Swift’s fierce unwillingness to back down or compromise has inspired others to come forward and speak of their own struggles regarding their own music, like Sky Ferreira, who told Paste Magazine “The entertainment industry is filled with underqualified bullies & morons with way too much power for their own good.” 

Pop music’s glitterati weren’t the only ones to speak out in Swift’s defense. Both Senator Elizabeth Warren as well as Representative Alexandria Ocasio-Cortez spoke out on the dangers of private equity firms like the ones that enabled Braun to purchase the Big Media Label Group, with Ocasio-Cortez tweeting “Private equity groups’ predatory practices actively hurt millions of Americans. Their leveraged buyouts have destroyed the lives of retail workers across the country, scrapping 1+ million jobs. Now they’re holding [Swift’s] own music hostage. They need to be reined in.”

The 1+ million jobs she’s referring to are the retail positions lost due to private equity buyouts like Toys ‘R Us, Sears, and Sports Authority, among others. It’s another manifestation of the dangers of unregulated capitalism, albeit a particularly glaring and shocking one.

The Aftershocks of Taylor’s Versions

Swift’s battle against Braun and Big Media Label Groups is a microcosm of a number of seismic shake-ups changing society. It’s a textbook example of predatory capitalism, especially when considering how the label tried to use contract negotiations to extort a new deal out of Swift. It’s also another example of a woman standing up to powerful men, which has been one of the most prevalent narratives of the last decade. Swift offers an example of what can be accomplished by a powerful, capable woman working in the music industry on her own terms.

Swift’s battle against Big Media Label Groups also illustrates the changing face of today’s music and entertainment industries. Today’s Pop Stars are bigger, more powerful, and more influential than even some of the most prominent musicians in history. They also have a more direct relationship with their fans, via social media, which can be leveraged to give them even more power and influence. Hell hath no fury like Swifties, Barbz, and The Beyhive.

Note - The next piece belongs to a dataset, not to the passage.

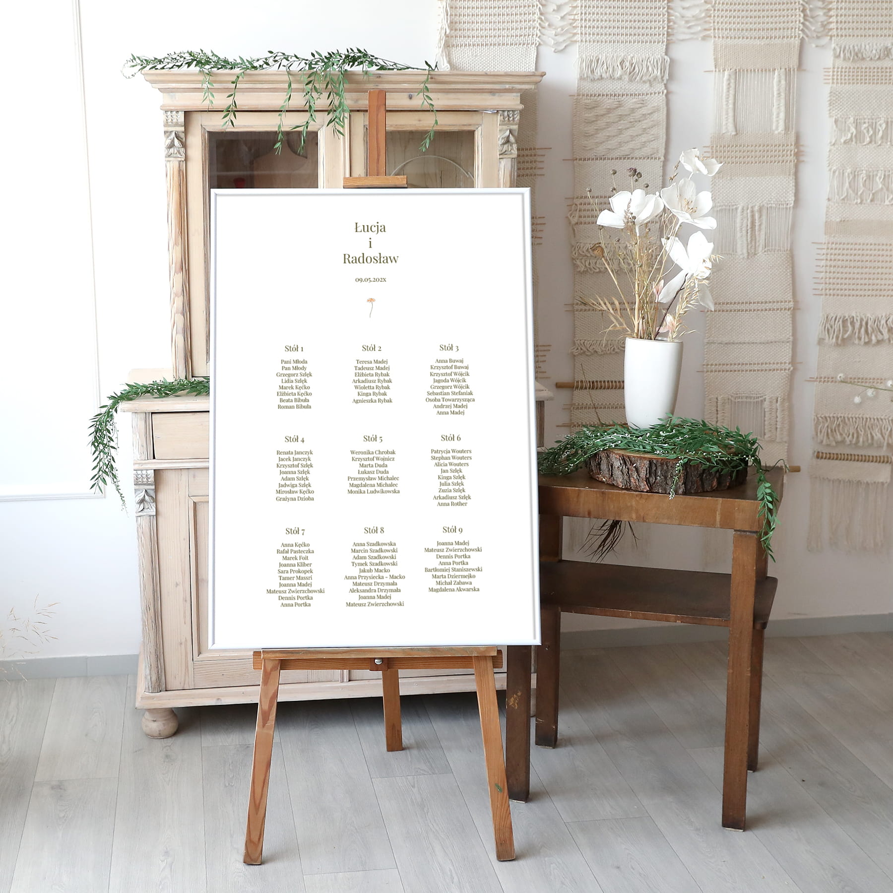 W Studio Brzoza zapełnimy gustownie i pomysłowo udekorowaną listą stołów z przypisanymi miejscami.

Many of these struggles and conversations are ongoing and likely will be for some time. The current writer’s strike in Hollywood is another example of creative workers standing up for themselves demanding workplace protection and just compensation for their labor. Swift understands that without artists and creators, there are no networks. They make the media we share as memes. They write the anthems we post to our Instagram Stories and supply the quotes that become captions on Threads. They tell the stories and make the art that makes life worth living, reminding us there’s so much more to living than punching the clock and making money for someone else.

Taylor’s Triumph

Swift’s battles against the recording industry have clearly paid off. Numerous Taylor’s Versions have broken several records, including the most streamed album in a day and most streamed female artist in a day. The re-recorded 10-minute version of “All Too Well” set a record for the longest song ever to chart, as well, beating out Don Maclean’s “American Pie” for the honor. It also sent a clear message, that may be Swift’s most enduring legacy – her fans were willing to follow her. When she started re-releasing Taylor’s Versions of her iconic back catalog, her fans responded by listening to the new versions instead of the originals owned by Braun. Her gambit has paid off, as she currently earns a staggering $8.5 million in streaming royalties each month. Each of the re-recorded albums has been streamed more than the originals by at least 300% since their release, too. Red (Taylor’s Versions) has sold an unbelievable 10x the amount of the original! In addition, Taylor’s summer concert tour has become the event of the year. A Taylor economy has sprung up in towns where she sings. She’s playing sold-out stadium shows and playing for three hours, something no other modern artist does. Taylor’s events are a throwback to Beatlemania. She’s the #1 superstar in the world, and there isn’t a close second. Clearly, artists do still have power – if they’re willing to use it.